*** Given data ***

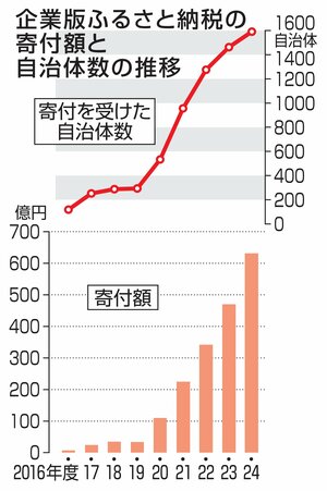 社会 政治・行政 企業版ふるさと納税寄付額が過去最多、2024年度は631億円!自治体別、都道府県別で最多だったのは? 2025/9/27 12:00 企業が2024年度に「企業版ふるさと納税」制度を利用して自治体へ寄付した額は、約631億4千万円だった。前年度比1・3倍。寄付件数は1・3倍の1万8457件で、金額、件数とも制度が始まった16年度以降の... 残り393文字(全文:495文字) ここから先を読むには 続きを読む(会員登録する) 続きを読む(ログイン) 新潟日報朝刊を購読していますか? はい いいえ トップページで最新情報を見る 関連ニュース [2024年度ふるさと納税]新潟県と県内30市町村すべてで収... 9/19 京アニ事件の遺族が語る、被害者支援の大切さ 新潟市中央区でフ... 18:00 【速報・見附市長選挙2025】現職の稲田亮氏が無投票再選 17:10 交通安全意識高く金賞6度目、長岡のイトー運輸 長岡署で優秀運... 17:00 特殊詐欺被害防止に貢献で新潟河渡郵便局と局員の女性に感謝状 ... 16:30 強盗発生備え緊急時対応の手順確認、上越署がコンビニで防犯訓練... 16:00 フィリピンを助けよう!11月24日に田上町で支援コンサート ... 15:45 上杉謙信の春日山城は工夫がいっぱい…上越春日小3年生が古道散... 15:30 [クマ目撃情報]村上市、関川村、新発田市、阿賀野市、五泉市、... 14:40 弱者の気持ち寄り添えた…長岡でまちなか歩行体験 つえや重りな... 14:30 流ちょうな日本語を堂々と…長岡市在住の外国人が発表 「イクラ... 14:00 新潟市を子育てしやすい街に…支援施策の拡充は好評、進む人口減... 12:30
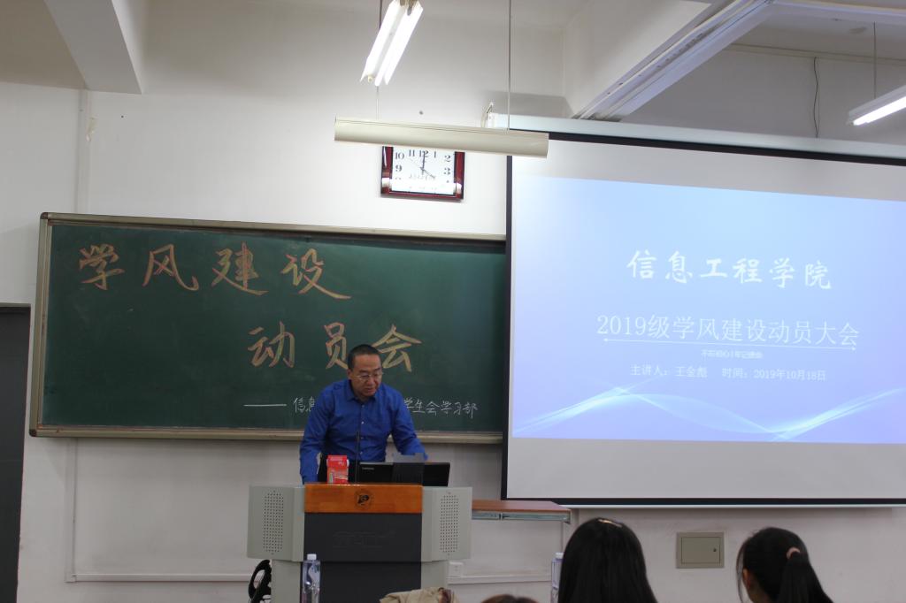 为深入贯彻落实全国教育大会和全国全省高校思想政治工作会议精神,进一步加强信息工程学院学风建设工作,高质量地实现人才培养目标,10月17日下午,信息工程学院在A辅201开展2019级学风建设动员会。学院副书记、副院长王金彪,团学办公室主任许霞老师、团委副书记赵智琦老师及2019级学生参加了本次会议。
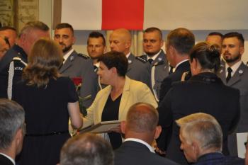 W sali reprezentacyjnej Muzeum Zamek w Oświęcimiu gościli była premier RP, posłanka do Parlamentu Europejskiego Beata Szydło i wojewoda małopolski Piotr Ćwik, przedstawiciele małopolskich samorządów, wymiaru sprawiedliwości, wojska, duchowieństwa, oświaty i oczywiście dowództwa i związków zawodowych Policji. Gminę Oświęcim reprezentował wójt Mirosław Smolarek.
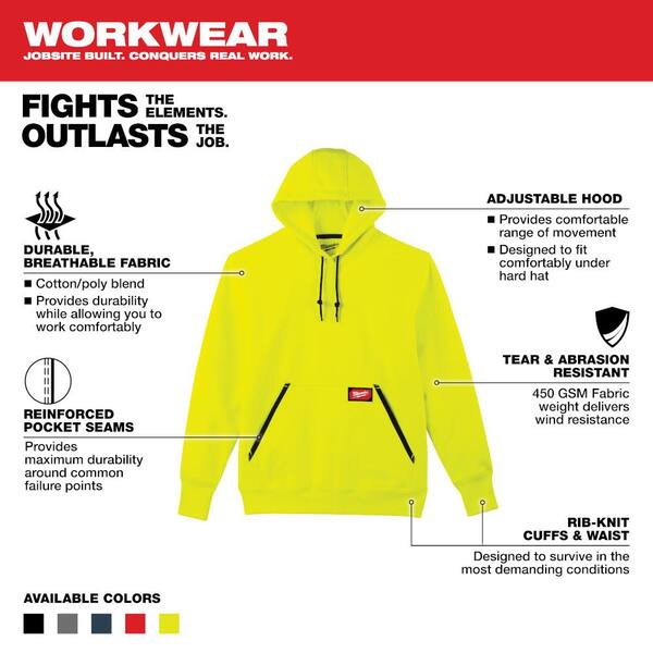 Men's 3X-Large Hi-Vis Heavy-Duty Cotton/Polyester Long-Sleeve Hoodie Pullover and Large Black Long-Sleeve Pocket T-Shirt
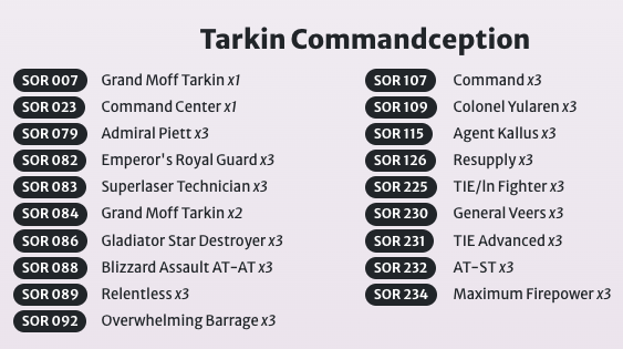 Against everything else, you’re really looking for a ramp card or two- then to build around that. Getting ahead on the resource curve against the mid-range decks let you get Tarkin out fast and build bigger units than they are able to play. As in most decks, Overwhelming Barrage can also just win games when played at the right time.
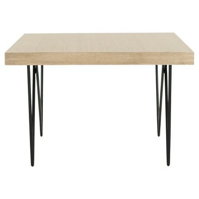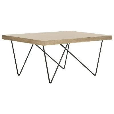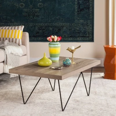 Inspired by a late French designer known for her spin on modern classics, this contemporary coffee table is a favorite of architects. Its elegant asymmetric style is perfectly achieved with a pairing of slender elegant iron legs and a light gray palette. The asymmetrical legs around the Amos coffee table adds a modern touch to the simple design. Crafted from MDF wood and black iron, this coffee table is able to support up to a hundred pounds. The Amos table is the perfect choice for Contemporary, Mid-Century, or Modern style interiors.

*** End of Given data ***

• Problem statement
From the listing above, please give again the lines that begin with the line holding "Men's 3X-Large Hi-Vis" and go on through the line holding "Against everything else, you’re", exactly, both ends included, minus any picture.

• Response box
 Men's 3X-Large Hi-Vis Heavy-Duty Cotton/Polyester Long-Sleeve Hoodie Pullover and Large Black Long-Sleeve Pocket T-Shirt
 Against everything else, you’re really looking for a ramp card or two- then to build around that. Getting ahead on the resource curve against the mid-range decks let you get Tarkin out fast and build bigger units than they are able to play. As in most decks, Overwhelming Barrage can also just win games when played at the right time.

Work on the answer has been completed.